Re: Go to the organ grinder..
"Direct marketing is specifically called out in the GDPR as a legitimate interest..."
No it isn't the only place is in recital 47. Although that states The
processing of personal data for direct marketing purposes may be regarded as carried out
for a legitimate interest. The key is the 'may' bit which has been discussed ad infinitum on various channels. The consensus is that this only applies if it would not have been possible to get explicit consent at that time and definitely does not apply to a second level recipient of that data.
The whole point of explicit consent was to allow the data subject to decide what their data could be used for. If a company was allowed to override this just by saying it was in their interest then this would negate the need for explicit consent in nearly every case.

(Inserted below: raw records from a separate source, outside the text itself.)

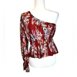 WAYF Pleated One Shoulder Floral Top Scarlet Roses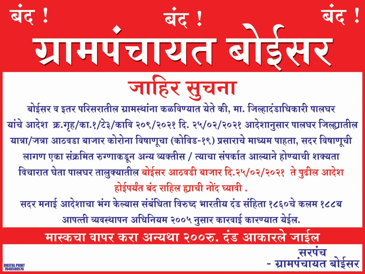 बोईसर, दि. 25 : पालघर जिल्ह्यात (ग्रामीण) वाढत असलेल्या करोना रुग्णांच्या पार्श्वभुमीवर पालघर जिल्हाधिकार्यांमार्फत जनसमुह जमा होत असलेल्या सार्वजनिक ठिकाणांवर निर्बंध लावण्यात आले आहेत. याचाच एक भाग म्हणून पालघर जिल्ह्यातील औद्योगिक क्षेत्र असलेल्या बोईसर येथे शुक्रवारी भरणारा आठवडा बाजार पुढील आदेशापर्यंत बंद ठेवण्याचा निर्णय घेण्यात आला आहे. बोईसर ग्रामपंचायतीमार्फत एका पत्रकाद्वारे ही माहिती देण्यात आली आहे. या मनाई आदेशाचा भंग केल्यास संबंधितांविरुद्ध भारतीय दंड विधान संहिता 1860 चे कलम 188 (ब) तसेच आपत्ती व्यवस्थापन अधिनियम 2005 नुसार कारवाई करण्यात येणार आहे. दरम्यान, बोईसर परिसरात विनामास्क वावरणार्या नागरीकांकडुन 200 रुपयांचा दंड आकरला जाणार असल्याचेही सदर पत्रकात म्हटले आहे.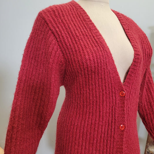 vtg 80s BURGUNDY RIBBED SWEATER // vintage red button up cardigan oversized small womens autumn fall colors textured deep v neck slouchy fit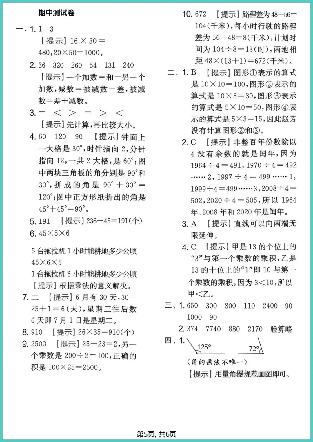 【免费下载】三年级(下)数学_期中拔尖测试卷《苏教版》 | PDF完整高清电子版可打印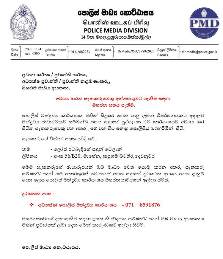 සැකකරුවෙකු අත්අඩංගුවට ගැනීම සදහා පොලිසිය මහජන සහය අවශ්ය අතර එම විස්තර ඇතුලත් නිවේදනය පහතින් සදහන් වනවා.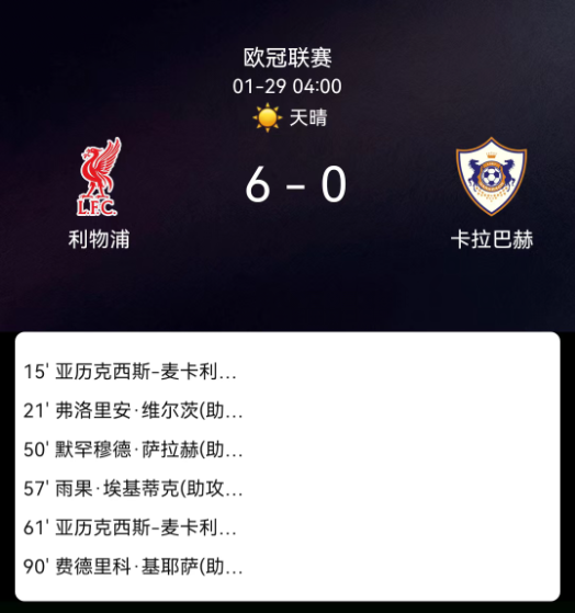 北京时间1月29日,欧冠联赛阶段第8轮,利物浦主场对阵卡拉巴赫。第15分钟麦卡利斯特破门1-0;第21分钟维尔茨破门2-0;第50分钟萨拉赫破门3-0;第57分钟埃基蒂克破门4-0;第62分钟麦卡利斯特破门5-0;第90分钟小基耶萨破门6-0;双方无红黄牌。最终比分,利物浦6-0卡拉巴赫。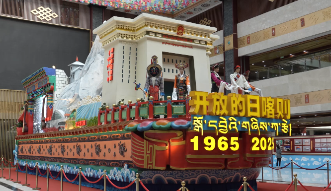 市民旦增江久在参观展览时激动地说:“看到曾在庆典上亮相的彩车,心情非常激动!彩车上展示的吉隆口岸、定日机场,还有飞驰的火车,都是我们日喀则快速发展的生动写照。”

Quite a good break down of it is here: https://www.gdpreu.org/the-regulation/key-concepts/legitimate-interest/
Which states:
"Therefore, marketing and sales organizations would be ill advised to skip consent collection and instead rely on legitimate interests to justify, for example, tracking prospects’ online behavior based on site visits, email engagement, IP address location tracking, etc. to show behavioral ads or create sales lead scores.
For those insisting on the possibility of a blanket, categorical affirmative interpretation of this last sentence as absolving all direct marketers of the need to ever obtain consent, Recital 70 firms rejects this possibility:
(70) Where personal data are processed for the purposes of direct marketing, the data subject should have the right to object to such processing, including profiling to the extent that it is related to such direct marketing, whether with regard to initial or further processing, at any time and free of charge. That right should be explicitly brought to the attention of the data subject and presented clearly and separately from any other information.
It is therefore unambiguous that direct marketers must obtain consent as a rule, unless they are able to prove legitimate interest in particular cases where data subjects reasonably expect such data processing to take place, as per outlined in Recital 47."
Finally you mention the ePD but that is not the UK law. The UK law is PECR 2003 (latest amendment 2016)which was putting the ePD into UK law.
There is no grounds for you to apply for a financial service and end up having marketing sent to you from a third party company due to your inclusion on credit reference agency file without your explicit and unambiguous consent.